By Tim Nodar, CyberWire senior staff writer.
Jul 7, 2023

The information-stealer is dangerous, and not to be taken lightly.

Take Truebot seriously.

The US Cybersecurity and Infrastructure Security Agency (CISA) and its partners (the Federal Bureau of Investigation, the Multi-State Information Sharing and Analysis Center (MS-ISAC), and the Canadian Centre for Cyber Security) have issued a joint Cybersecuritiy Advisory outlining a spike in new variants of the Truebot malware. In addition to using phishing campaigns, threat actors are now using a vulnerability in the IT auditing software Netwrix Auditor to deliver the malware:

“Previous Truebot malware variants were primarily delivered by cyber threat actors via malicious phishing email attachments; however, newer versions allow cyber threat actors to also gain initial access through exploiting CVE-2022-31199—(a remote code execution vulnerability in the Netwrix Auditor application), enabling deployment of the malware at scale within the compromised environment. Based on confirmation from open-source reporting and analytical findings of Truebot variants, the authoring organizations assess cyber threat actors are leveraging both phishing campaigns with malicious redirect hyperlinks and CVE-2022-31199 to deliver new Truebot malware variants.”

Truebot is used for information theft.

The Joint Advisory makes it clear that Trickbot is an information-stealing kit used by the ransomware gang Cl0p and other threat organizations to gain access to and exfiltrate victims’ sensitive data. The advisory offers extensive advice for risk mitigation, including detailed indicators and preventive measures organizations can apply. CISA also urges organizations to “exercise, test, and validate” their security program against the threat behavior displayed in conjunction with Truebot’s deployment.

Industry experts agree that the risk needs to be addressed promptly.

Jeff Williams, co-founder and CTO at Contrast Security, draws several lessons, the first of which is that security can’t be confined to the perimeter. 

“To me, this isn’t a story about malware. This is a story about exploiting an interesting vulnerability that you can’t stop at the perimeter.

 "Once attackers can run arbitrary code on your servers, the game is over. So the fact that these attackers ran Truebot after they successfully broke in is irrelevant. They could have done anything they wanted.

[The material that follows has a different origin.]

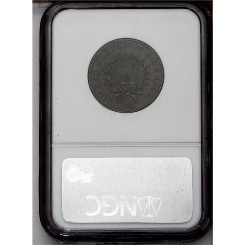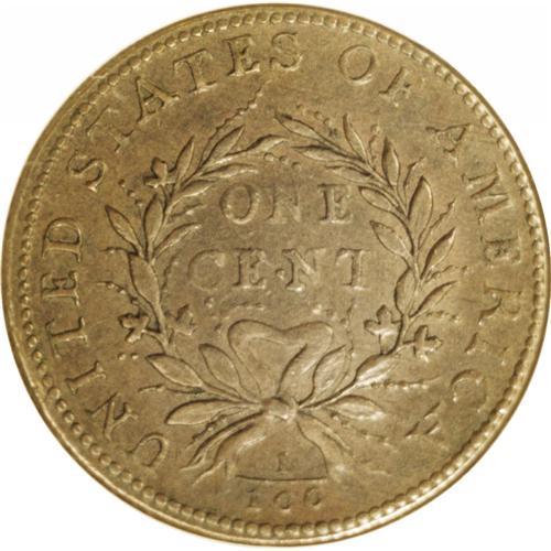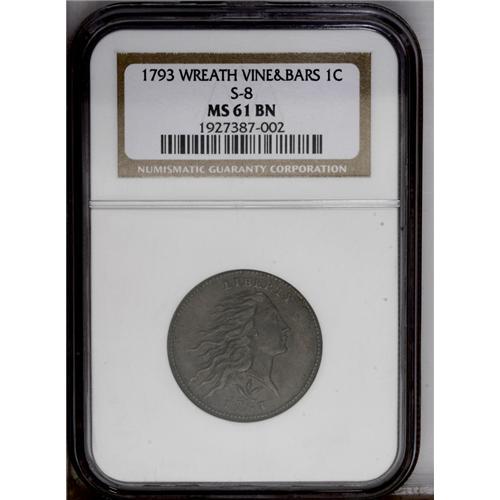 <B>1793 1C Wreath Cent--Vine and Bars--MS61 Brown NGC.</B></I> S-8, Low R.3. The scarcer of the two collectible Obverse 9 varieties, Sheldon-8 is distinguished from Sheldon-9 by the reverse bow, which is triangular rather than heart-shaped. Sheldon-5 through Sheldon-11 comprise the collectible Wreath cent varieties, which were only struck in 1793, the first year of Large cent production at the fledgling U.S. Mint in Philadelphia. Although Wreath cents are not especially rare in worn out or corroded condition, Mint State survivors are few and far between, and under tremendous demand both from copper specialists and early type set collectors. The present piece offers consistent medium brown color, and is unusually void of contact, since a wispy obverse pinscratch at 7:30 is all that can be found. A few minor planchet flaws between 2 and 3 o'clock on the obverse are of mint origin. Not fully struck, but all major details are evident. Luster shimmers when the piece is rotated beneath a light. A significant opportunity for the Early American enthusiast. EAC 45.

"The interesting question to me is how did they originally get in?  Understanding the original breach is our only hope of keeping them out. In this case, the attackers exploited an “unsafe deserialization” vulnerability in a .NET web application. The attack works like this. Attackers sent the Netwrix Auditor product a specially crafted HTTP request with a data payload that, during the process of “deserializing” the data back into objects, caused arbitrary object constructors to be invoked. The attackers were able to include the right data to make those constructors start a native operating system process. At this point, they’ve won.

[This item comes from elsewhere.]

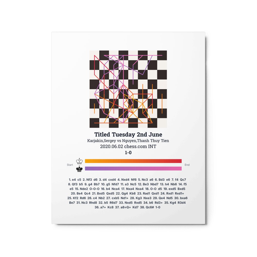 Museum-quality poster on thick, durable matte paper. A sharp, clean look for any chess visualisation.

"The reason it’s interesting is that you can’t really defend against unsafe deserialization with perimeter defenses like a web application firewall (WAF). How could a WAF know whether a serialized object, just a bunch of bytes on the wire, is either legitimate or an attack?  More and more, attacks are buried inside complex data and are completely inscrutable by perimeter defenses. Organizations need to add runtime security to their platforms to detect these kinds of attacks. Runtime security hardens the app/API stack and ensures (among other things) that the data being deserialized doesn’t cause arbitrary code execution.” 

 Erich Kron, security awareness advocate at KnowBe4, points out, as the advisory makes clear, that the attackers typically gain initial access through social engineering:

“For those using the Netwrix Auditor software, this is likely to be a pretty significant issue. Patching systems should be a top priority, as should looking for Indicators of Compromise (IOCs). Because agents such as these are likely to be deployed throughout an organization, it gives bad actors a great way to exploit the vulnerability, drop their own malware, then lay low for a while. Even if the agent is updated, once the damage is done, it could be very challenging to detect the ongoing intrusion.  

"While the vulnerability can be exploited from within the system, since most initial network intrusions start with a social engineering attack, such as phishing, organizations should ensure employees are educated and trained to spot and report phishing attempts quickly.”